9 Best Dow Stocks to Buy According to Analysts

7. NIKE, Inc. (NYSE:NKE)

Average Upside Potential as of October 23: 13.23%

Number of Hedge Fund Holders: 66

Apparel and footwear giant NIKE, Inc. (NYSE:NKE) has been under pressure for the better part of the year amid disappointing financial results and guidance that have sent jitters about the company’s growth metrics. The stock was yet again under pressure after it delivered disappointing second-quarter results, with revenues dropping 10% and profits down 285 year over year. Failure to provide a forecast for the fiscal year ending in May also rattled investors.

Amid the disappointing results and muted outlook, Nike remains one of the best Dow stocks to buy, according to analysts, as it is in a transition period. NIKE, Inc. (NYSE:NKE) has already appointed Elliott Hill as its new CEO, tasked with reinvigorating its growth prospects. In addition to a new CEO, the company boasts of one of the strongest brands as a leader in the global sportswear industry, affirming its long-term prospects.

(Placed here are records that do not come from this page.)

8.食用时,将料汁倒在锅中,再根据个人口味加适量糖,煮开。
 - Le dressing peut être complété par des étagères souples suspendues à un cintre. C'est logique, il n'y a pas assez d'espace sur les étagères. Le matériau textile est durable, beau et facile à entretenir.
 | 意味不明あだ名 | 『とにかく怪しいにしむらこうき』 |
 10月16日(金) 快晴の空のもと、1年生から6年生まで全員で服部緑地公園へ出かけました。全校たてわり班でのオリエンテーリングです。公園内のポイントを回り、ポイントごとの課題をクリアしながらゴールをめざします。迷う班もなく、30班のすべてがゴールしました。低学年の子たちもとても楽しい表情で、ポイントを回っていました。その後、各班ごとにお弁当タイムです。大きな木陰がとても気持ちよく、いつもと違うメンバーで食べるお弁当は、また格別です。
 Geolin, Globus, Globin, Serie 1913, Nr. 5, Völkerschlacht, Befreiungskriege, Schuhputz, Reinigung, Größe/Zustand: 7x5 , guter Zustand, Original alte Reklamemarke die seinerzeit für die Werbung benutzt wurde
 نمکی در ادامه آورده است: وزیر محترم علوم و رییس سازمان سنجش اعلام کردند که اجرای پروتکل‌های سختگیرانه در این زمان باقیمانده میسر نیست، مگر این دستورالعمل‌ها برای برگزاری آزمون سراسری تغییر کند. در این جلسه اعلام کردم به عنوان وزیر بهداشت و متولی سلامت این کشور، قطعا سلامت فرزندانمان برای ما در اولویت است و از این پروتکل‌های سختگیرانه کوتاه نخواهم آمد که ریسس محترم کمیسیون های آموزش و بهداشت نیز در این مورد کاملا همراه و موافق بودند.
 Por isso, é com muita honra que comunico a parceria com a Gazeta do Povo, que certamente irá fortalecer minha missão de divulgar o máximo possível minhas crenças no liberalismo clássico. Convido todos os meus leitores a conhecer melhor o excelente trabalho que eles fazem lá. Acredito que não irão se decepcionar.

NIKE, Inc. (NYSE:NKE) continues to dominate the global sportswear market. Decades of innovation and skilful marketing to establish a strong customer connection have led to this position. Because of pricing power, the unique brand has reported an average gross margin of 44.7% over the last ten years.

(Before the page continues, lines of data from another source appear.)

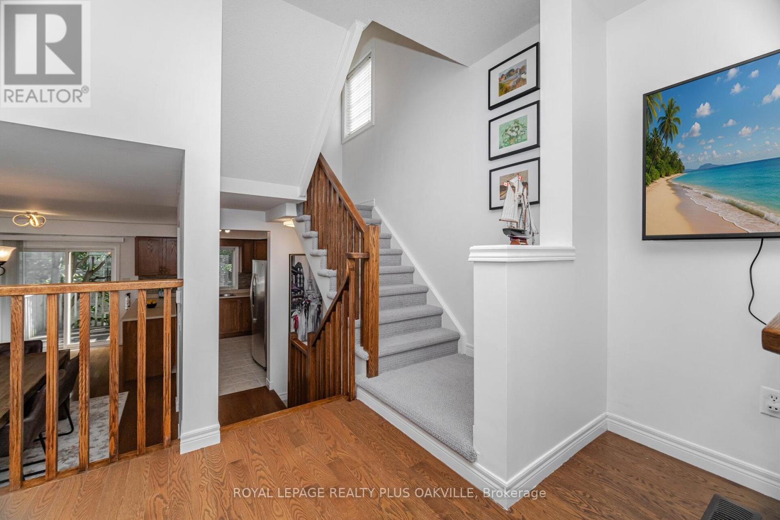 $335.42 MonthlyBeautiful executive End Unit townhome within a small complex in mature neighbourhood setting only a short drive to QEW/403 & Burlington GO station. Decorated in neutral tones and hardwood flooring throughout main level. Updates include furnace and AC (2022 owned), stainless steel stove and rangehood (2023), broadloom (2021) and large family sized kitchen with stainless steel appliances and walk out to a deck overlooking large mature trees. 3 bedrooms and 2 full baths on upper levels. Walk out basement with rec room or office that walks out to the patio. Also featuring a 2 piece bath and inside access to garage. (id:51158)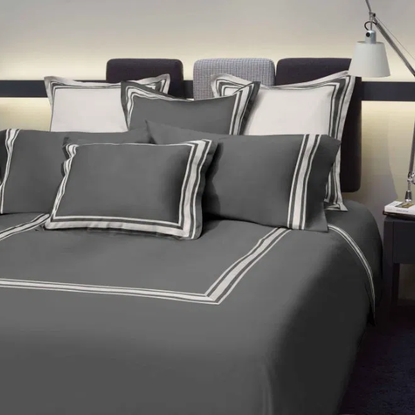 This classical style, with a modern update and a simple, unpretentious luxury, are Tivoli’s key features. Duvet Cover and shams are finished with a 2 3/4" applied border, shams are all the way around duvets are U Shape, knife edge finish with button closure and ties inside.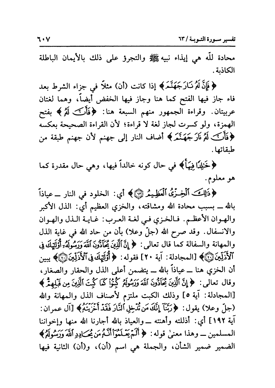 {ذَلِكَ الْخِزْيُ الْعَظِيمُ} أي: الخلودُ في النار- عياذا بالله - بسببِ مُحَادَّةِ اللَّهِ ومشاقتِه، والخزيُ العظيمُ أي: الذلُّ الأكبرُ والهوانُ الأعظمُ. فالخزيُ في لغةِ العربِ: غايةُ الذلِّ والهوانِ والانسفالِ. وقد صَرَّحَ اللَّهُ (جلَّ وعلا) بأن مَنْ حَادَّ اللَّهَ في غايةِ الذلِّ والمهانةِ والسفالةِ كما قال تعالى: {إِنَّ الَّذِينَ يُحَادُّونَ اللَّهَ وَرَسُولَهُ أُولَئِكَ فِي الأَذَلِّينَ (٢٠)} [المجادلة: آية ٢٠] فقولُه: {أُولَئِكَ فِي الأَذَلِّينَ} يُبَيِّنُ أن الخزيَ هنا - عياذًا بالله - يتضمنُ أعلى الذلِّ والحقارِ والصغارِ، وقال تعالَى: {إِنَّ الَّذِينَ يُحَادُّونَ اللَّهَ وَرَسُولَهُ كُبِتُوا كَمَا كُبِتَ الَّذِينَ مِنْ قَبْلِهِمْ} [المجادلة: آية ٥] وذلك الكبتُ ملتزمٌ لأصنافِ الذلِّ والمهانةِ، وَاللَّهُ (جل وعلا) يقولُ: {رَبَّنَا إِنَّكَ مَنْ تُدْخِلِ النَّارَ فَقَدْ أَخْزَيْتَهُ} [آل عمران: آية ١٩٢] أي: أَذْلَلْتَهُ وأهنتَه - والعياذُ بالله أَجَارَنَا اللَّهُ منها وإخوانَنا المسلمينَ - وهذا معنى قولِه: {أَلَمْ يَعْلَمُوا أَنَّهُ مَنْ يُحَادِدِ اللَّهَ وَرَسُولَهُ} الضميرُ ضميرُ الشأنِ، والجملةُ هي اسم (أن)، و (أن) الثانيةُ فيها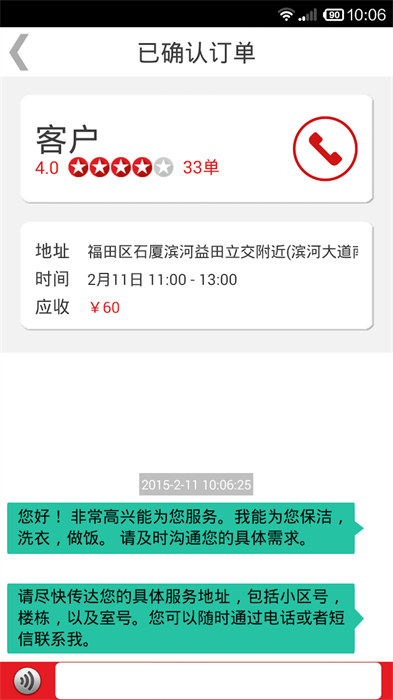 阿姨搶單成功后會立即打電話給雇主確認信息,服務完畢還可以對服務評分,幫助提升阿姨的服務質(zhì)量

While Nike is trading at an average P/E of 23, it is significantly lower than its average P/E of 37 in the past decade. Additionally, analysts on Wall Street rate the stock as a Buy with an average price target of $92.19, implying a 13.23% upside potential.

According to the Insider Monkey database, 66 hedge funds held bullish positions on NIKE, Inc. (NYSE:NKE) at the end of Q2 2024. This indicates a strong interest in the stock among institutional investors, despite a slight decrease from 71 in the previous quarter.

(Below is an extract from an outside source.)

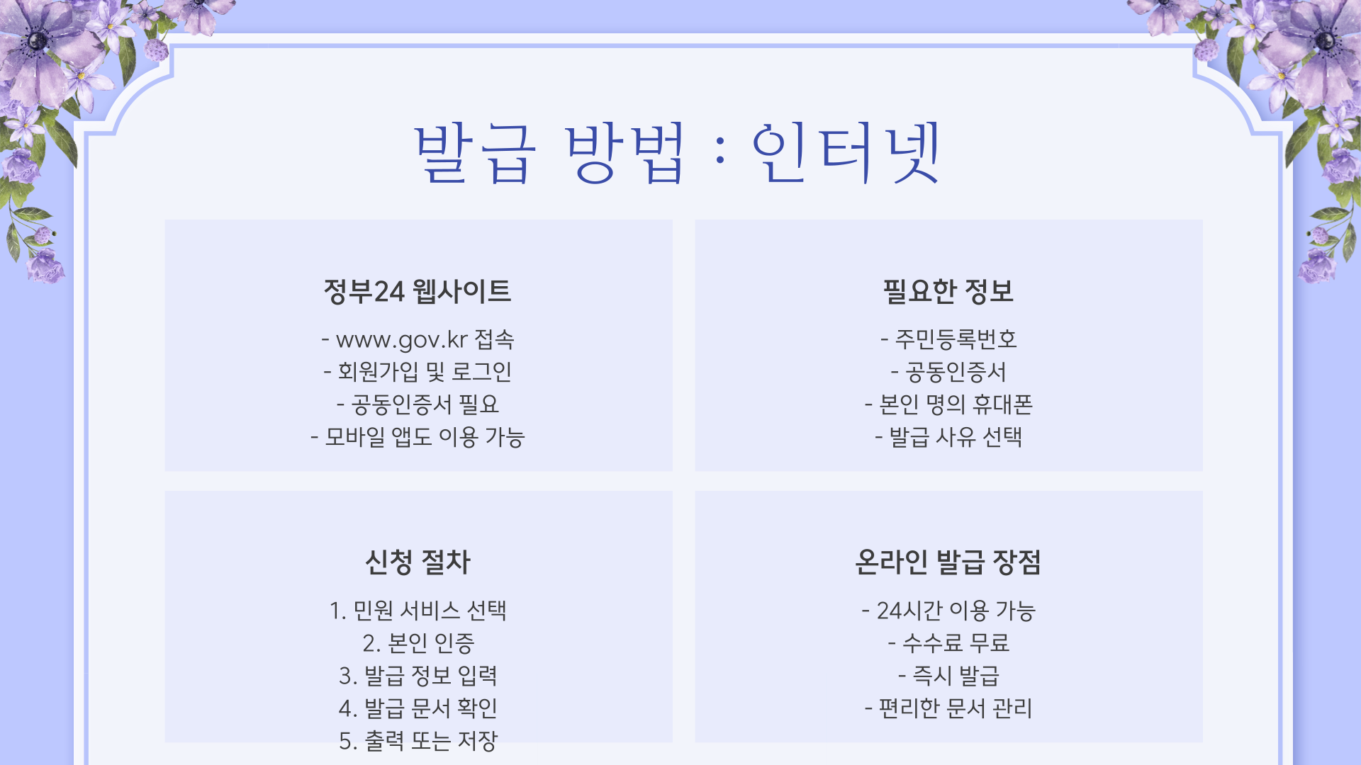 본인 또는 대리인(온라인은 대리인 신청 불가) 발급서류

Mar Vista Investment Partners’ Mar Vista Focus strategy stated the following regarding NIKE, Inc. (NYSE:NKE) in its Q2 2024investor letter:

“NIKE, Inc.’s (NYSE:NKE) stock declined following management’s revised forecast for fiscal year 2025, projecting negative mid-single-digit revenue growth instead of the previously anticipated positive growth. The company has observed a marked slowdown in lifestyle product sales since April, a trend that persisted into June. Our current projections indicate that both sales and earnings will fall 15-20% below the conservative estimates set by management just a quarter ago. This substantial downward revision in sales and earnings is attributed to insufficient product innovation, wholesale channel shift, and intentional reduction of supply in lifestyle franchises. While the negative adjustments to guidance could potentially act as a clearing event for the stock, the degree of conservatism in the new projections remains uncertain.

Nike maintains its position as the global leader in sportswear. However, its revenue growth has been hampered by a lack of innovation, and deteriorating macroeconomic conditions in the US and China further complicate its recovery. The company’s renewed focus on innovation and efforts to re-engage with wholesale channels may eventually help restore growth, but we believe increased skepticism regarding management’s ability to execute is justified.”